> [What to do]: Reproduce only this range: the line holding "Noen av de mer" through the last line of the data below, both included, exactly, with no pictures.

> [Given material]:
=====
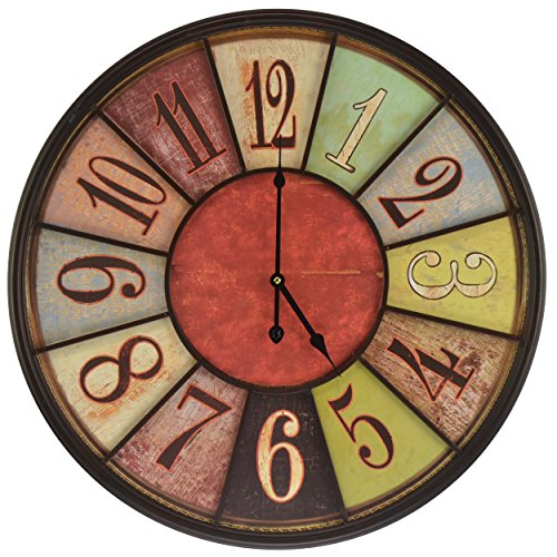 -. Title : Large Hanging Metal Wall Clock Round Multi-Color Vintage Style
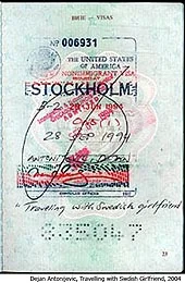 Noen av de mer lavmælte og interessante verkerne på utstillingen er signert Dejan Antonijevic. De lar besøkeren tenke selv og har befriende nok fått stå uten overforklarende tekster i utstillingen. I en side fra Antonijevic’s pass finnes et visum fra 1994 tilUSA der immigrantpolitiet har gjort et tillegg:Travelling with Swedish girlfriend. Dette er også tittelen på verket som består i en utskrift av passets side på MDF-plate. Skjulte strukturer og komplekse konstruksjoner er Antonijevic’ signum, og hans verk trenger en stund med stille kontemplasjon og ro.
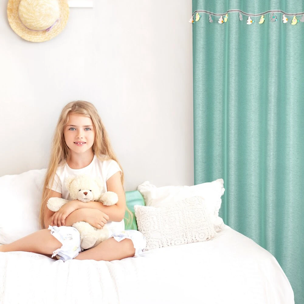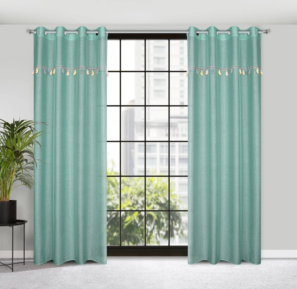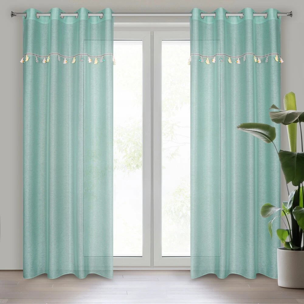 Firana gotowa z wszytą taśmą dekoracyjną z motywem dziecięcym szerokość: 140 cm, długość: 250 cm, kolor: miętowy, Gramatura: 50 GSM, Skład: 100% poliester
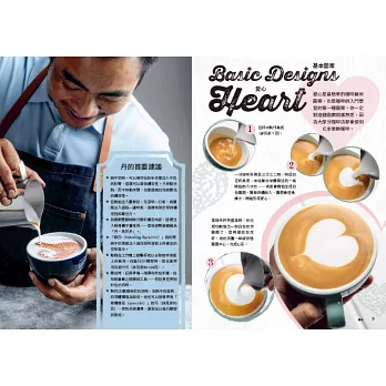 本書的基礎入門,涵蓋了從愛心到鬱金香等多款創意造型,將同樣一種技巧變化運用,你也能入門咖啡拉花的世界!
=====
> [Result below]:
 Noen av de mer lavmælte og interessante verkerne på utstillingen er signert Dejan Antonijevic. De lar besøkeren tenke selv og har befriende nok fått stå uten overforklarende tekster i utstillingen. I en side fra Antonijevic’s pass finnes et visum fra 1994 tilUSA der immigrantpolitiet har gjort et tillegg:Travelling with Swedish girlfriend. Dette er også tittelen på verket som består i en utskrift av passets side på MDF-plate. Skjulte strukturer og komplekse konstruksjoner er Antonijevic’ signum, og hans verk trenger en stund med stille kontemplasjon og ro.
 Firana gotowa z wszytą taśmą dekoracyjną z motywem dziecięcym szerokość: 140 cm, długość: 250 cm, kolor: miętowy, Gramatura: 50 GSM, Skład: 100% poliester
 本書的基礎入門,涵蓋了從愛心到鬱金香等多款創意造型,將同樣一種技巧變化運用,你也能入門咖啡拉花的世界!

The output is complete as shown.